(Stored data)

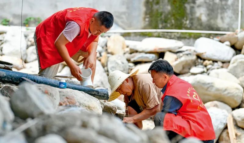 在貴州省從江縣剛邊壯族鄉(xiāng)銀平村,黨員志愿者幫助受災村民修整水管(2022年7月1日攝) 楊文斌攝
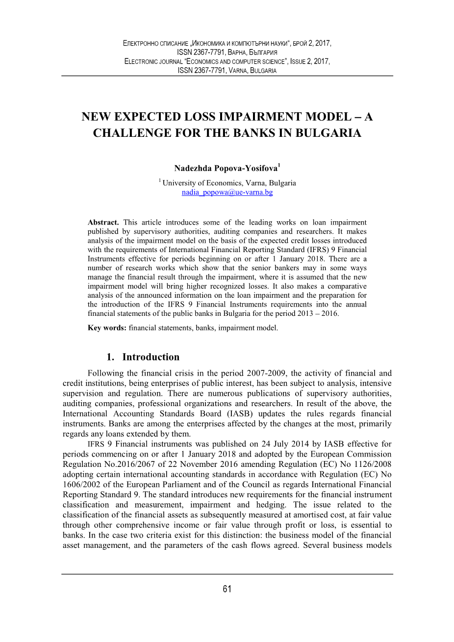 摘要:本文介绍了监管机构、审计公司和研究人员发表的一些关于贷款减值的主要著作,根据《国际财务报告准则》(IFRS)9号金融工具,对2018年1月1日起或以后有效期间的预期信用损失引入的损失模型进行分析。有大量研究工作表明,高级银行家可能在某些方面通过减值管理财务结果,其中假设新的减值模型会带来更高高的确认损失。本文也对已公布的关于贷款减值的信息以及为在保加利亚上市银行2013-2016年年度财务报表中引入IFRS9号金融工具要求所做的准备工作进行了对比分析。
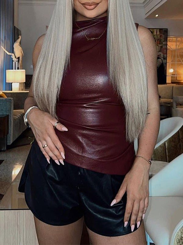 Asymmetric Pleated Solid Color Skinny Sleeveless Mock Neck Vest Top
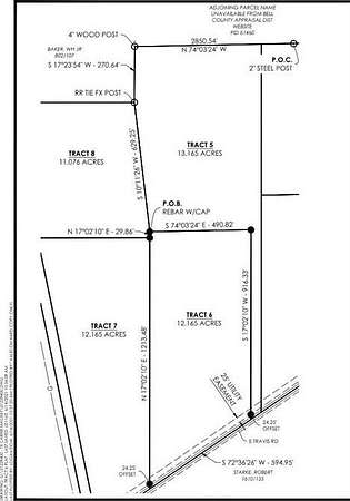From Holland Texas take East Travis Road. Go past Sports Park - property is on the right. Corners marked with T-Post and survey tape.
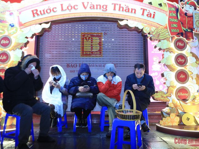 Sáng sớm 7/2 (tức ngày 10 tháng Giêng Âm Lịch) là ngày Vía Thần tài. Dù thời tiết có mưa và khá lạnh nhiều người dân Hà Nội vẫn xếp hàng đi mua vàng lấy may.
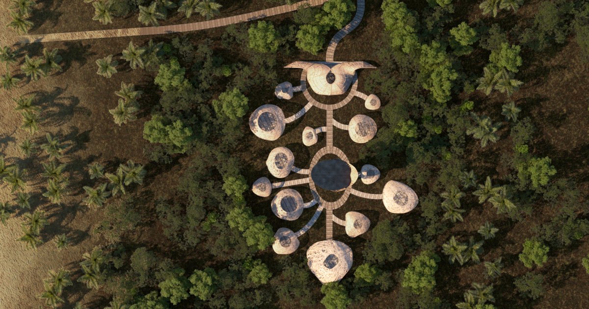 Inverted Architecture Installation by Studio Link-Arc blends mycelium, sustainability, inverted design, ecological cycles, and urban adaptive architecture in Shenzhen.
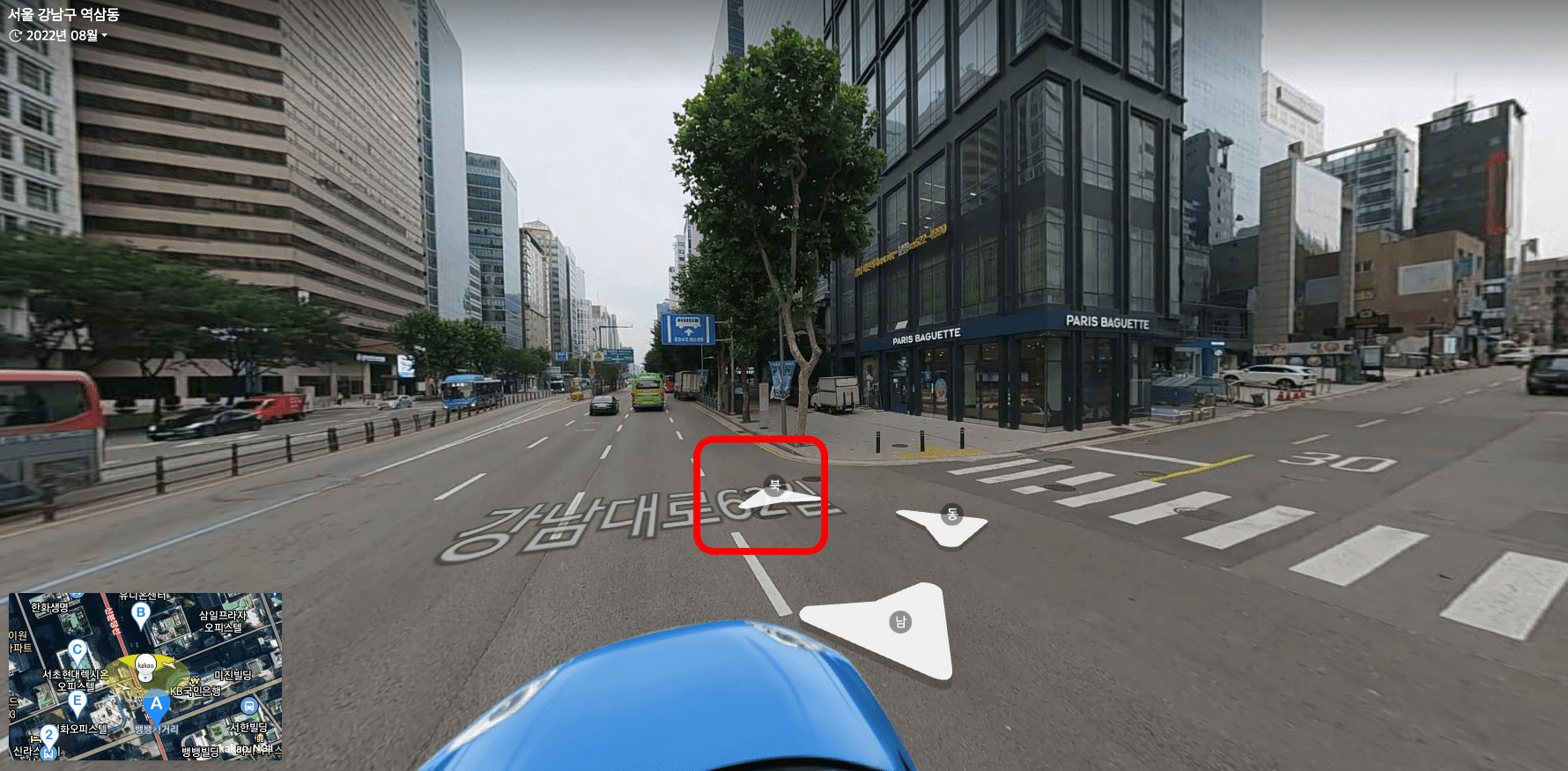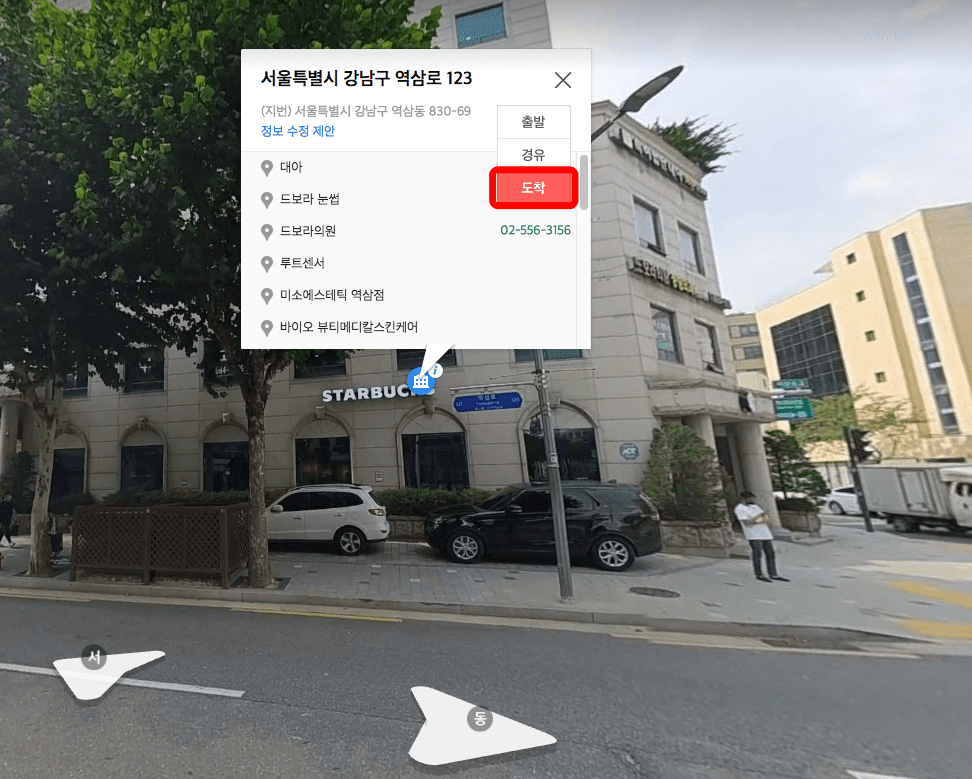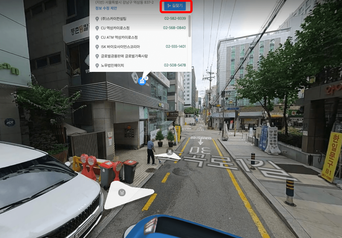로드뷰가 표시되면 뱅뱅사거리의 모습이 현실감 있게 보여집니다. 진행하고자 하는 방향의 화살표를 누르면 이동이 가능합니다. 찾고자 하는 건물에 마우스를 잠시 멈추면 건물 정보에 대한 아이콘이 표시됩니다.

● **TASK GOAL**
Set down every entry above verbatim, without pictures.

● **RESULT FOR THIS EXERCISE**
 在貴州省從江縣剛邊壯族鄉(xiāng)銀平村,黨員志愿者幫助受災村民修整水管(2022年7月1日攝) 楊文斌攝
 摘要:本文介绍了监管机构、审计公司和研究人员发表的一些关于贷款减值的主要著作,根据《国际财务报告准则》(IFRS)9号金融工具,对2018年1月1日起或以后有效期间的预期信用损失引入的损失模型进行分析。有大量研究工作表明,高级银行家可能在某些方面通过减值管理财务结果,其中假设新的减值模型会带来更高高的确认损失。本文也对已公布的关于贷款减值的信息以及为在保加利亚上市银行2013-2016年年度财务报表中引入IFRS9号金融工具要求所做的准备工作进行了对比分析。
 Asymmetric Pleated Solid Color Skinny Sleeveless Mock Neck Vest Top
From Holland Texas take East Travis Road. Go past Sports Park - property is on the right. Corners marked with T-Post and survey tape.
 Sáng sớm 7/2 (tức ngày 10 tháng Giêng Âm Lịch) là ngày Vía Thần tài. Dù thời tiết có mưa và khá lạnh nhiều người dân Hà Nội vẫn xếp hàng đi mua vàng lấy may.
 Inverted Architecture Installation by Studio Link-Arc blends mycelium, sustainability, inverted design, ecological cycles, and urban adaptive architecture in Shenzhen.
로드뷰가 표시되면 뱅뱅사거리의 모습이 현실감 있게 보여집니다. 진행하고자 하는 방향의 화살표를 누르면 이동이 가능합니다. 찾고자 하는 건물에 마우스를 잠시 멈추면 건물 정보에 대한 아이콘이 표시됩니다.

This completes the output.